I Remember, I Remember Summary by Philip Larkin: 2022

I Remember, I Remember setting comprises the childhood of Thomas Hood. In this poem, Hood goes back down memory lane to bring back treasured memories from his childhood. Nature is a prominent setting in the childhood memories Hood unearths. He recollects a garden full of flowers and the fir trees that he was surrounded by. This setting of a happy childhood and beautiful nature has been used to accentuate the bleakness and drudgery of adult life by contrast.

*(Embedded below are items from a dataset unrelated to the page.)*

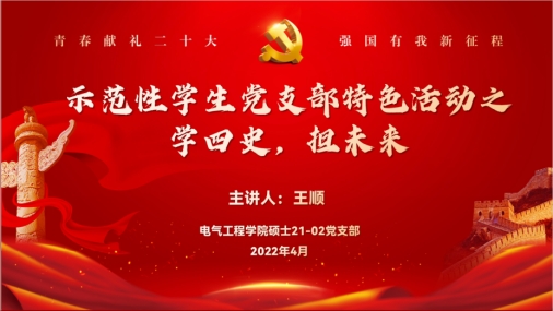 为深入学习贯彻习近平新时代中国特色社会主义思想,引领学生党员深刻领悟“两个确立”的决定性意义,增强“四个意识”,坚定“四个自信”,弘扬伟大建党精神,禁忌书屋 硕士2021级第二党支部于4月27日,在犀浦校区电气馆10831会议室开展了“凝聚青春力量,争做先锋电气人”系列特色活动。本次活动主要进行学习“四史”征程和观看“红色”影视两方面内容,由支部书记王顺同志担任主持,支部全体党员同志以及入党积极分子共同参加。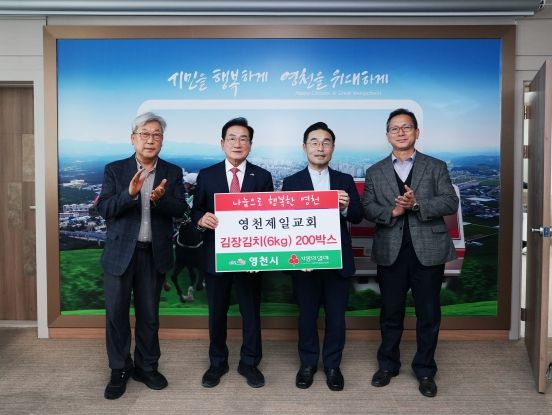 디지타임즈(DGTIMEZ) 최신형 기자 | 영천시(시장 최기문)는 6일 영천제일교회에서 김장김치 200박스(1,000만원상당), 미래약선에서 홍화씨·호두유 40세트(100만원 상당), 농업회사법인 ㈜푸른에서 계란 1,000판(700만원 상당)을 전달했다고 밝혔다.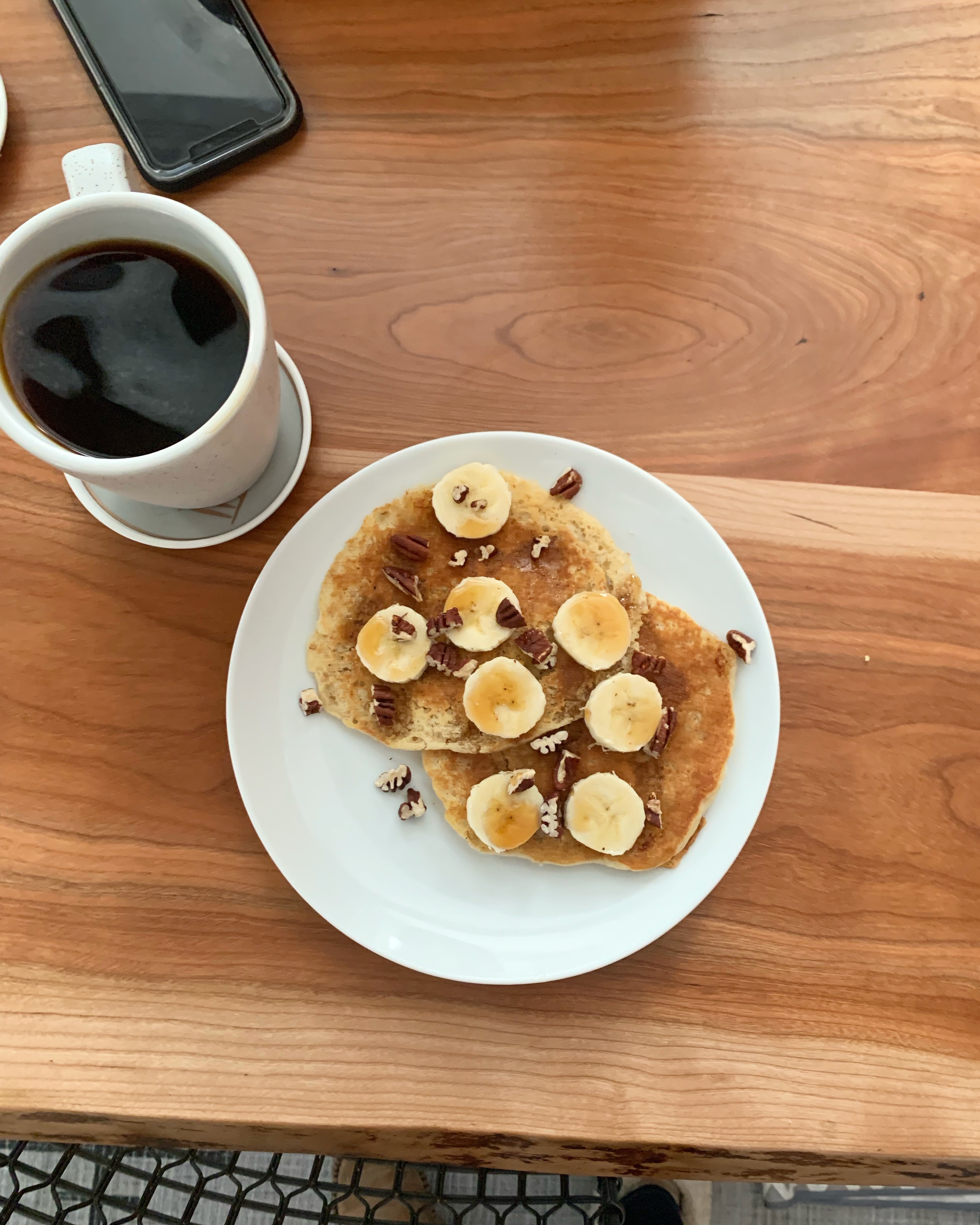 Demps seemed no worse for the wear in the morning but his parents were DRAGGING. Me specifically π I made Joey and I pancakes and hey, look! Our boy actually ate a little one so maybe his pancake strike is coming to an end! I got him that big boy cup with a straw at Target on Friday and he loooooves it!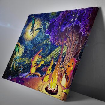 Pokemon Starry Night Campfire Canvas Poster Print Wall Art Decor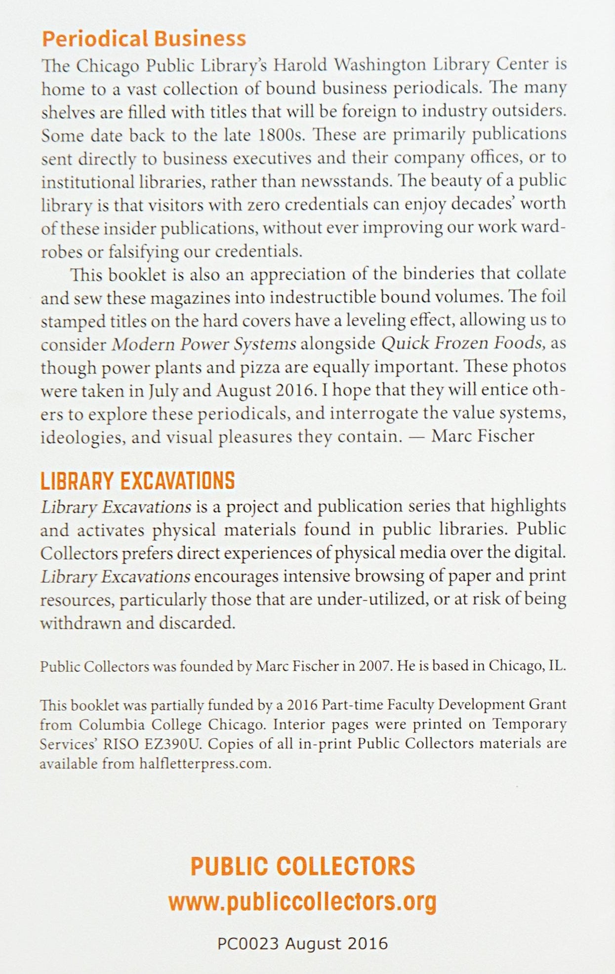 Library Excavations is a project and publication series that highlights and activates physical materials found in public libraries. Public Collectors prefers direct experiences of physical media over the digital. Library Excavations encourages intensive browsing of paper and print resources, particularly those that are under-utilized, or at risk of being withdrawn and discarded.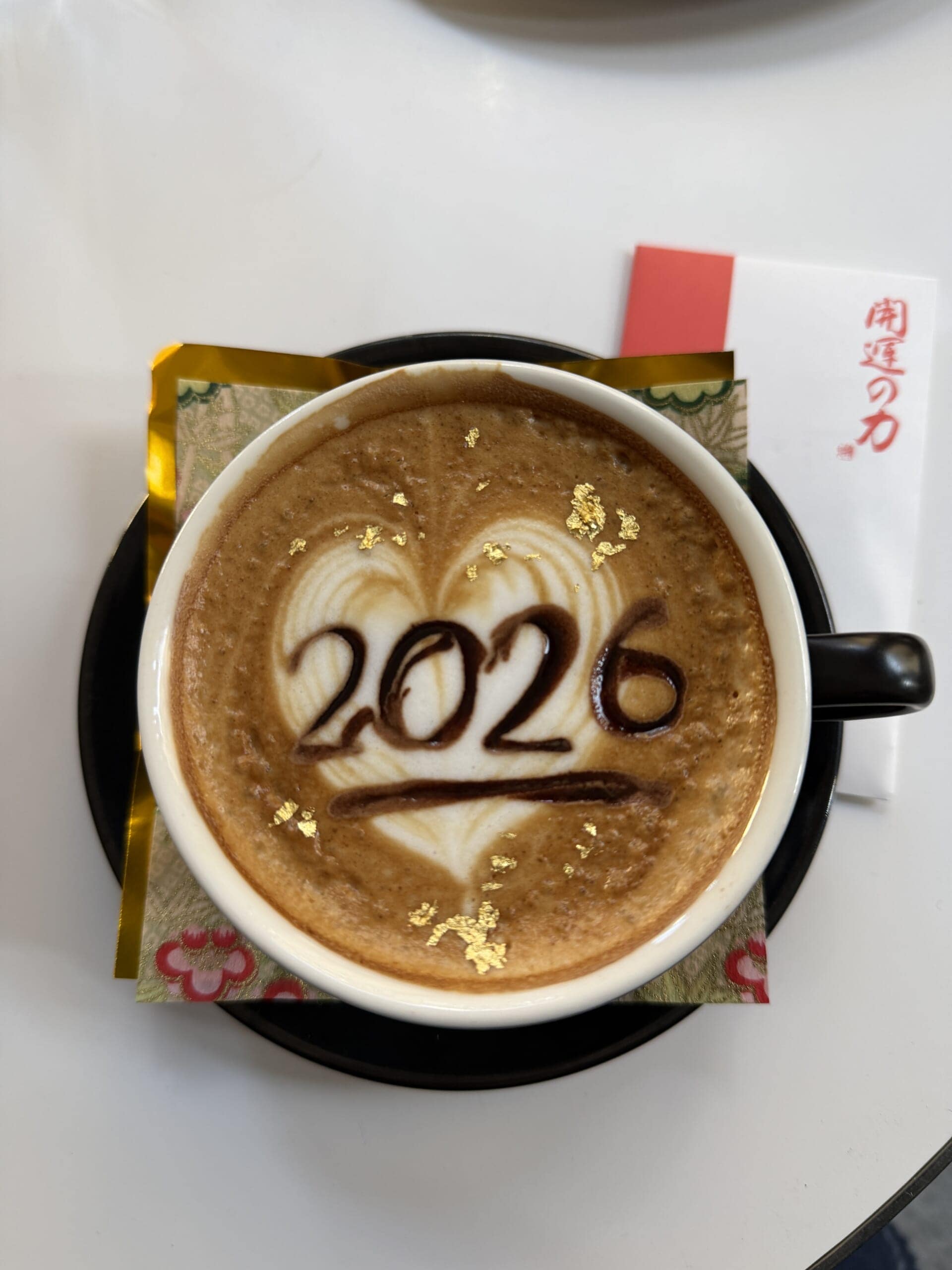 ふわふわのミルクフォームの上に、きらりと輝く金箔がのっていて、はチョコレートソースで「2026」の文字が!
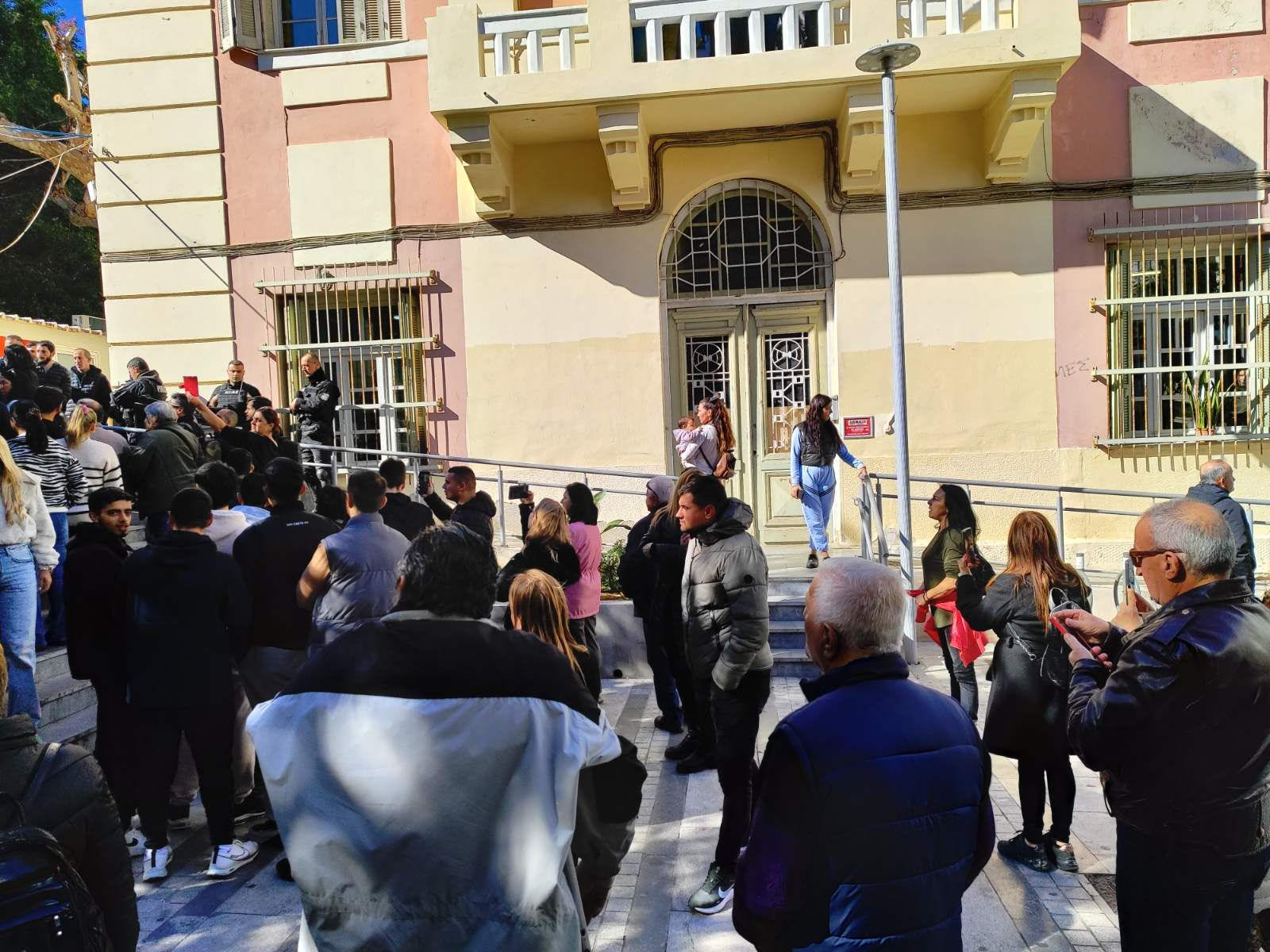 Ισχυρές αστυνομικές δυνάμεις βρίσκονται μέσα και έξω από το κτήριο, προσπαθώντας να αποτρέψουν τα επεισόδια και να μην επιτρέψουν στον κόσμο να τους πλησιάσει.
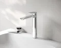 Geradlinig, schlicht und elegant: Dies sind die herausstechenden Kennzeichen der Waschtischarmatur Ixmo 100 ELEMENTS-Edition von Keuco. Dank ihrer schlanken Silhouette verspricht sie Anmut und versprüht darüber hinaus luxuriösen Charme. Nichts lenkt hier von der cleanen Eleganz ab. Die extra hohe Ausführung macht die Armatur zudem perfekt für Aufsatzschalen und -becken.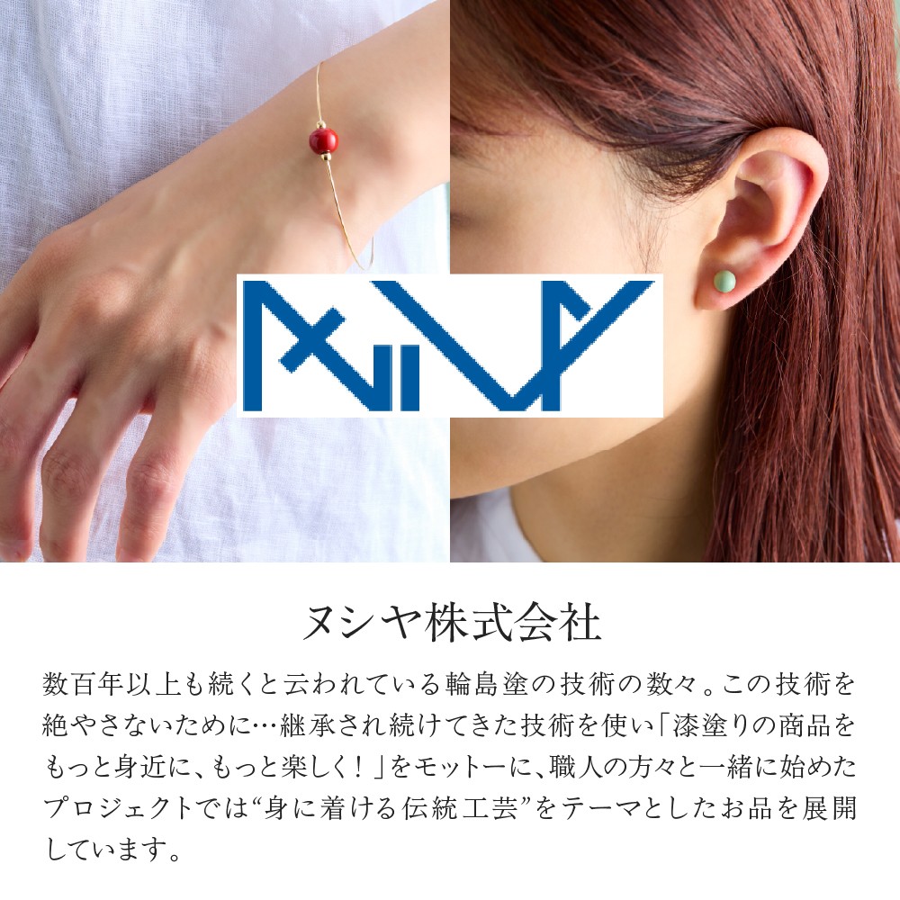 日本古来の天然塗料"漆"と輪島塗ならではの"地の粉"を使い、職人さんの技術で創り出した優しい色の漆を真珠核にまとわせて、現代のファッションアイテムとして生まれ変わりました。

I Remember, I Remember summary: Line by Line

This I Remember, I Remember summary offers a line-by-line explanation of the poem

I remember, I remember,
The house where I was born,
The little window where the sun
Came peeping in at morn;
He never came a wink too soon,
Nor brought too long a day,
But now, I often wish the night
Had borne my breath away!

The poet, while reminiscing the days of his childhood, recollects the house in which he grew up. His memories bring back images of a little window in his house through which sunlight used to filter in. He says how the sun would always rise and set at the same time every day, implying the stability and consistency which children have the luxury of taking for granted. The stanza ends on a wistful note, with Hood saying how he wishes life had ended when he was still a kid. This shows that Hood laments the loss of childhood happiness; and a stark contrast is drawn between the bliss of childhood and the hardships of adult life.

I remember, I remember,
The roses, red and white,
The vi’lets, and the lily-cups,
Those flowers made of light!
The lilacs where the robin built,
And where my brother set
The laburnum on his birthday,—
The tree is living yet!

In the second stanza, Hood is recollecting the beautiful flowers he enjoyed appreciating as a kid. He talks about the red and white roses, violets, lily cups, and lilacs that probably adorned the garden in his childhood home. It seemed to him then that the flowers were made of light – so beautiful they were. He then remembers the laburnum tree that his brother had planted on one of his birthdays. He adds that the tree survives still, although the beauty that abounded his childhood is gone. This stanza shows how children have the abandon and simplicity to enjoy the little joys of life like nature.

I remember, I remember,
Where I was used to swing,
And thought the air must rush as fresh
To swallows on the wing;
My spirit flew in feathers then,
That is so heavy now,
And summer pools could hardly cool
The fever on my brow!

In the third stanza, Hood talks about the carefree playfulness of childhood. He recollects the swing from his childhood, which would buoy both him and his spirits up. While enjoying the physical rush and breeziness that can be experienced when swinging, he wondered if the swallows felt the same rush of air while flying. Hood talks about the lightness of childhood, indicating freedom from the worries and cares of adulthood. His spirit that was a light as feathers as a kid has become heavy as an adult. The summer pools that soothed him as a kid can barely calm the heat he carries in his brows, which is a reference to the regrets and sorrows that mount as more life happens. Once again, a contrast is drawn in this paragraph between the innocent abandon of childhood and the worry-ridden life of an adult.

I remember, I remember,
The fir trees dark and high;
I used to think their slender tops
Were close against the sky:
It was a childish ignorance,
But now ’tis little joy
To know I’m farther off from heav’n
Than when I was a boy.

In the fourth stanza, Hood talks about childhood naiveté and says how as a kid, he used to think that the top of dark and high fir trees could almost touch the skies. Now he is an adult who knows better, but there is little joy in knowing that the heaven is further off than he imagined it to be as a kid. Ignorance is bliss, which is perhaps why kids are a blissful lot because they were ignorant of and protected from a lot of harsh realities of life.

I Remember, I Remember Central Idea

I Remember, I Remember central idea focuses on the loss of childhood happiness and the contrast between the blissful life of childhood and the drudgery of adult life. Hood evokes wonderful memories of his childhood to tell his readers about the happiness he has once experienced. However, these happy memories are evoked not just to reminiscence but to contrast it with the darkness of the poet’s adult life to express to the readers better how miserable the poet feels.